So far in Lagos we have done programs in Igando and Ajah. We do not intend to stop in Lagos and we do not intend to stop in Nigeria. We hope to spread our work across Africa.

What is the biggest challenge Aimcare has faced so far?

That would be financial constraints. Planning and executing these outreaches are cash demanding and sometimes we come up short.

We are hoping that our work would attract the likes of UNICEF, USAID including well to do individuals to partner with us. It would go miles in helping us achieve our objectives.

Do you work with or have you, at some point, worked with the Ministry of Health?

Well, we are currently in talks with the Lagos State Ministry of Health. We want them to be directly involved in our Hygiene for Every Child Symposium coming up in October.
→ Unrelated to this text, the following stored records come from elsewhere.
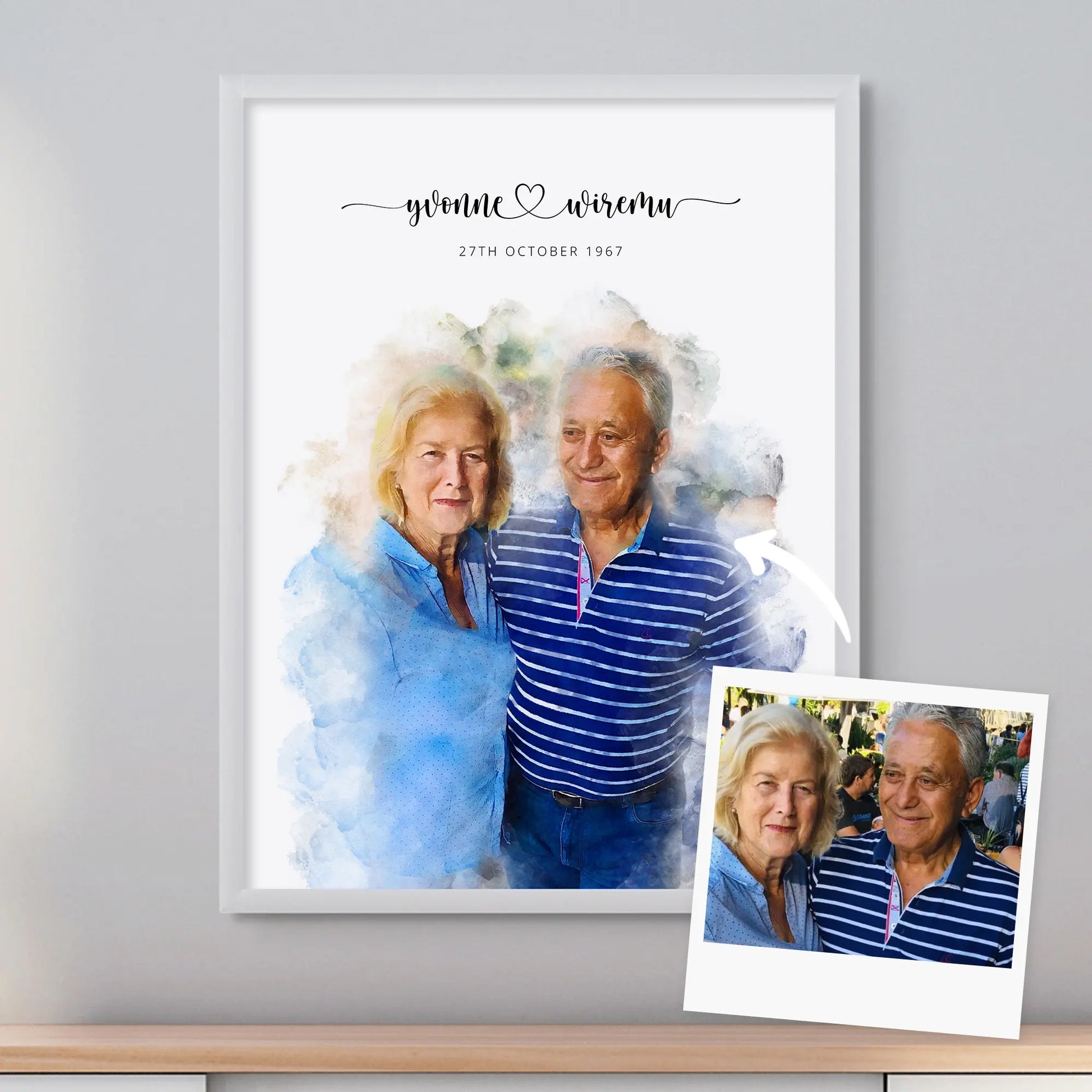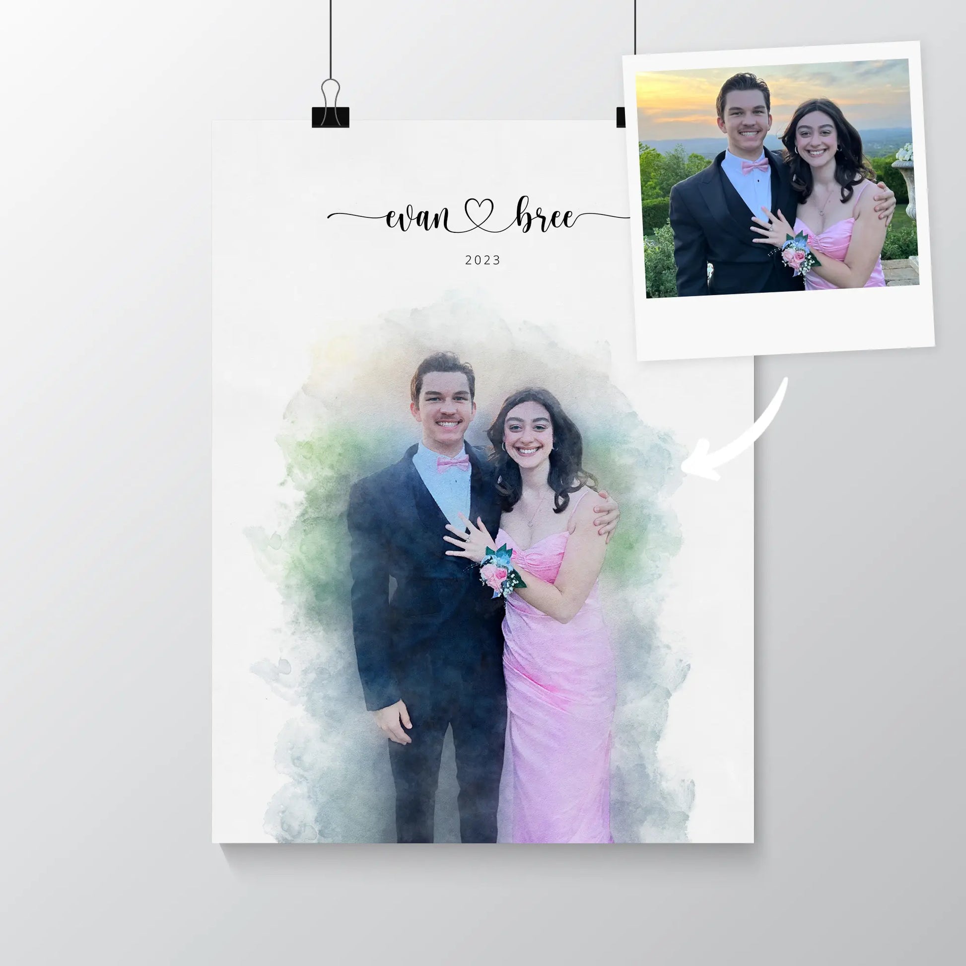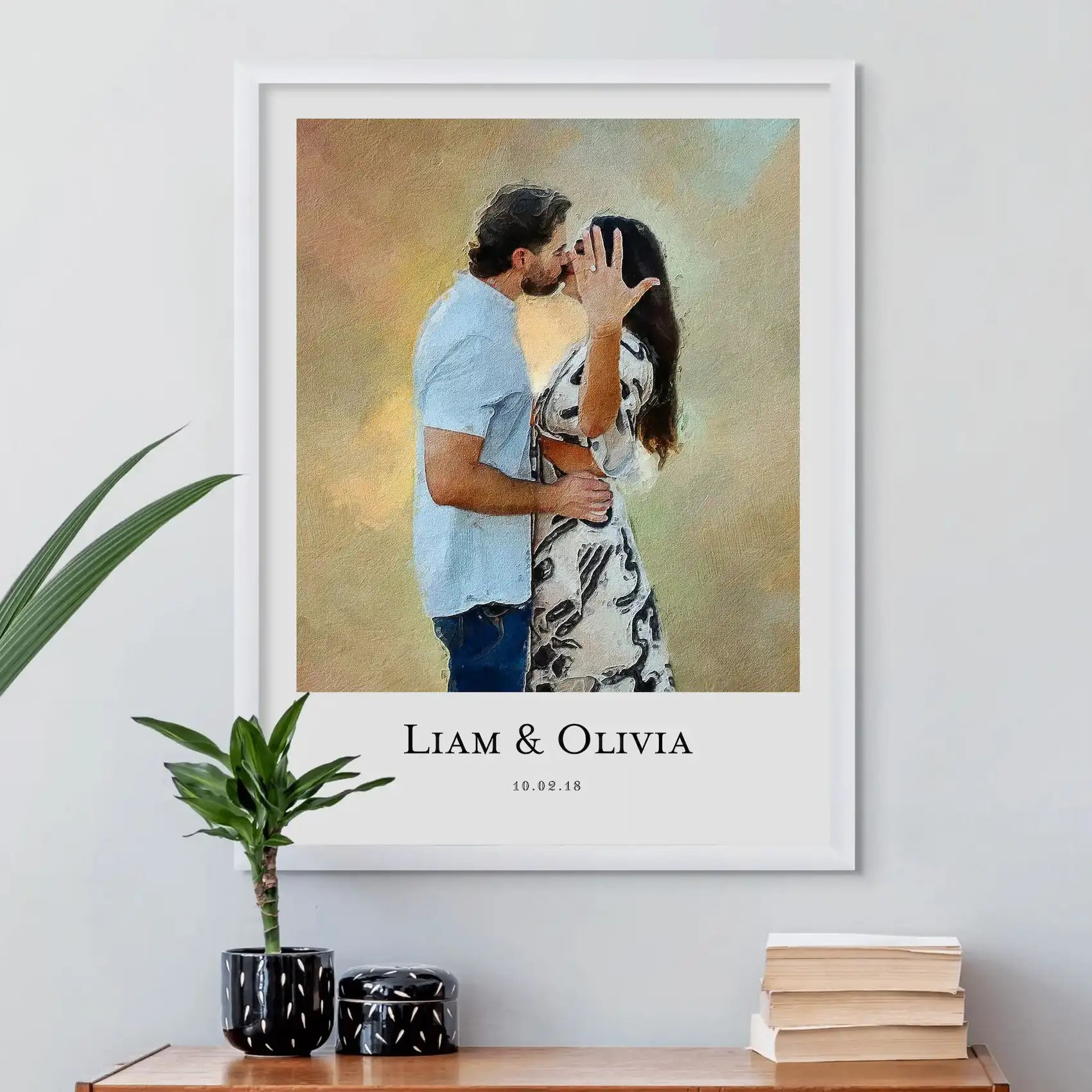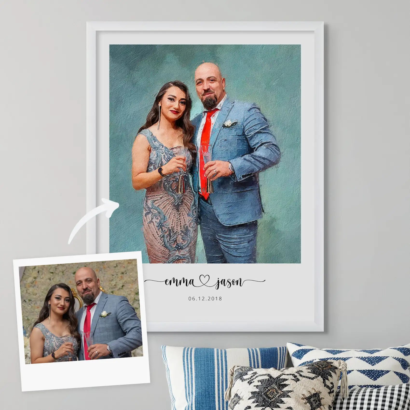 Express your love with a beautiful custom portrait digitally created from your photo! Create an eye-catching artwork of you and your partner, printed on thick, durable, gallery-grade paper. The matte frame is made from wood from renewable forests and ships with ready-to-hang hardware.
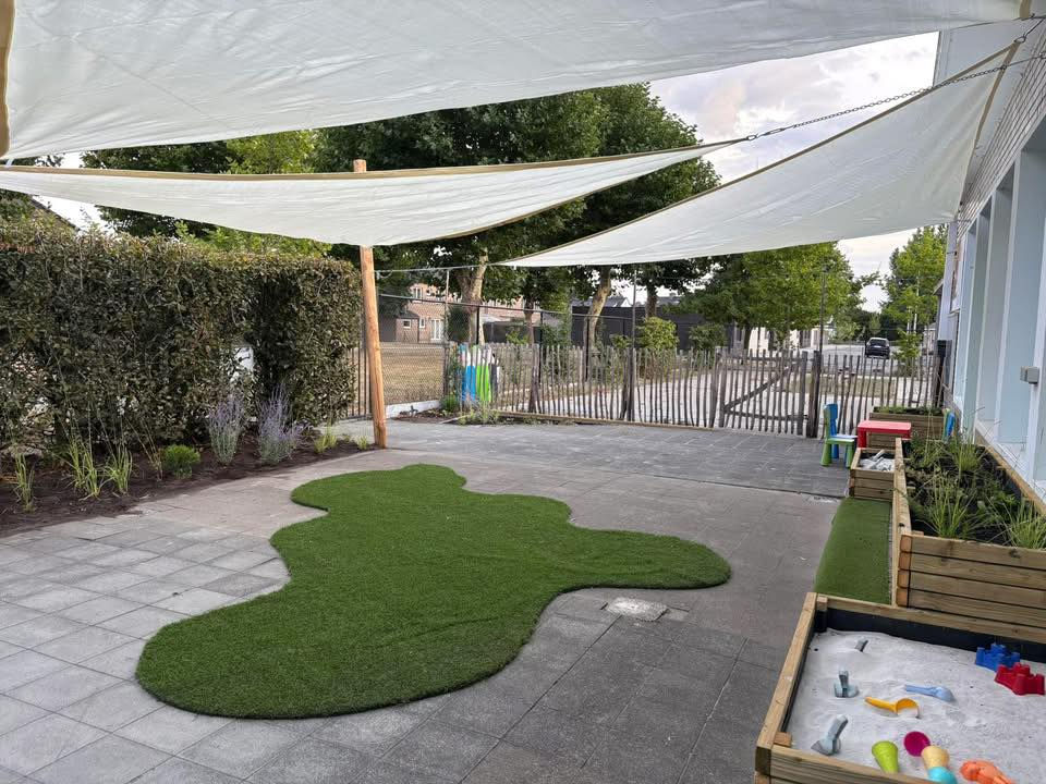 Buiten zijn we volop bezig met nieuwe speel- en leerzones, natuurlijke speelelementen en zelfs buitenklassen waar leren, ontdekken en bewegen hand in hand gaan.
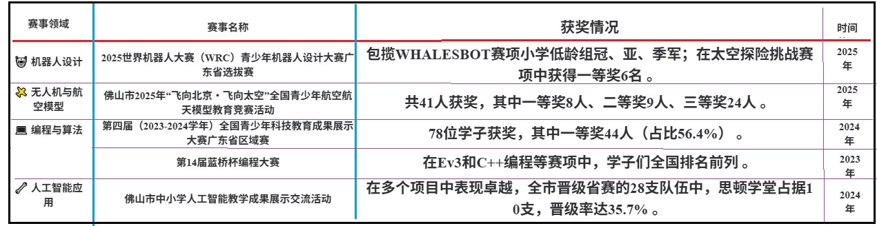 • 赛事认可度高:学员参与的多数赛事,如世界机器人大赛(WRC)、全国青少年科技教育成果展示大赛?ldquo;飞向北京・飞向太?rdquo;竞赛等,均属于教育部公布的全国性竞赛活动白名单,具有很高的权威性和认可??/h3>
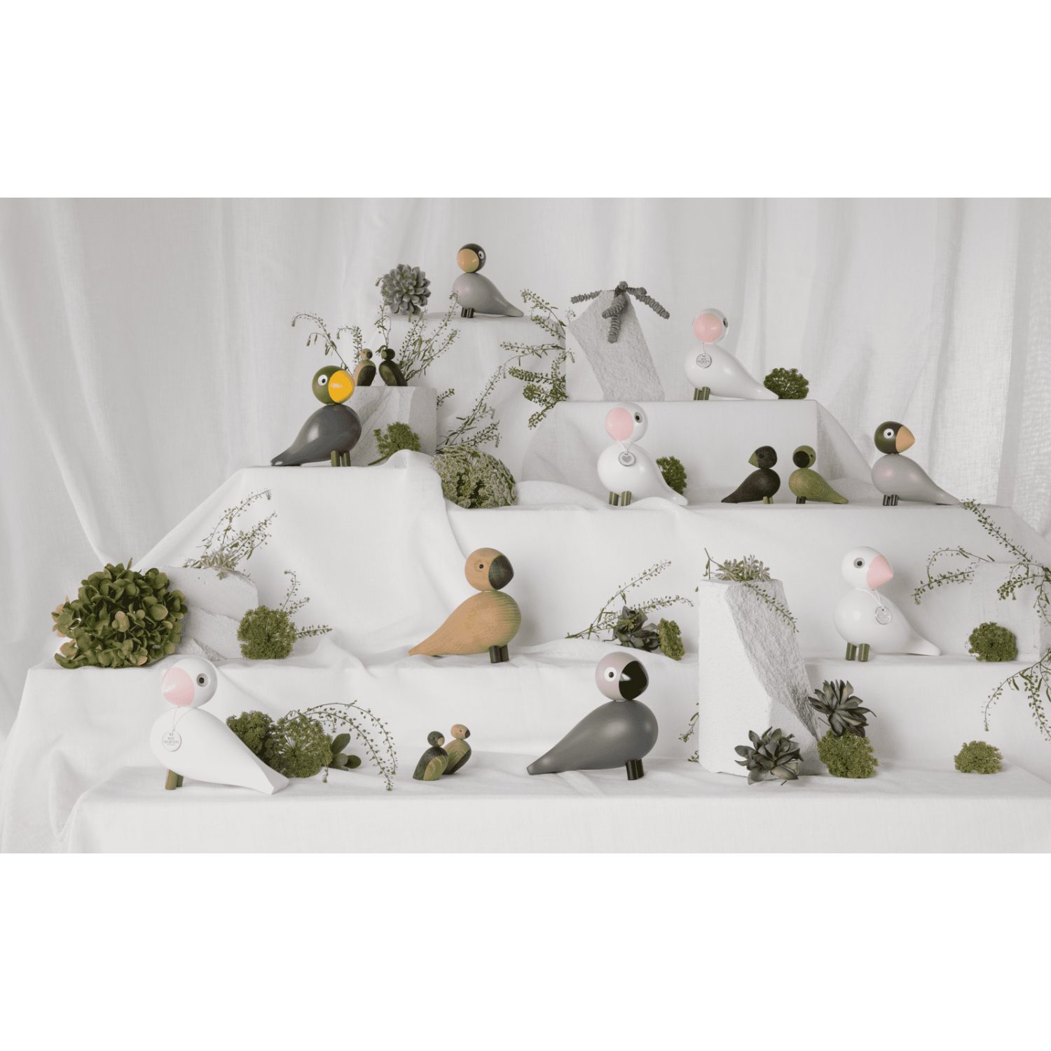 Fabricado en madera de haya pintada con certificación FSC®, el Pájaro Cantor de Amor mide 15,5 cm de altura, y ha sido creado con gran precisión y respeto por la naturaleza. Además, Kay Bojesen Denmark dona 50 coronas danesas por cada Love Songbird vendido, destinando esta aportación a proyectos solidarios que fomentan la esperanza y el amor.

However, to be able to get access to schools and students we have had to work with the Ministry of Education. We even had the Permanent Secretary of the Ministry of Education, Akwa Ibom State, at the time, attend one of our events in Uyo.

Any upcoming campaign?

We have an up coming event scheduled for the 12th of October 2017 in celebration of the Global Hand-Washing Day. It is going to be a Hygiene Symposium for about 1000 students from public secondary schools in Lagos State.

We have a number of other events lined up after this including an outreach for Women in an indigent community.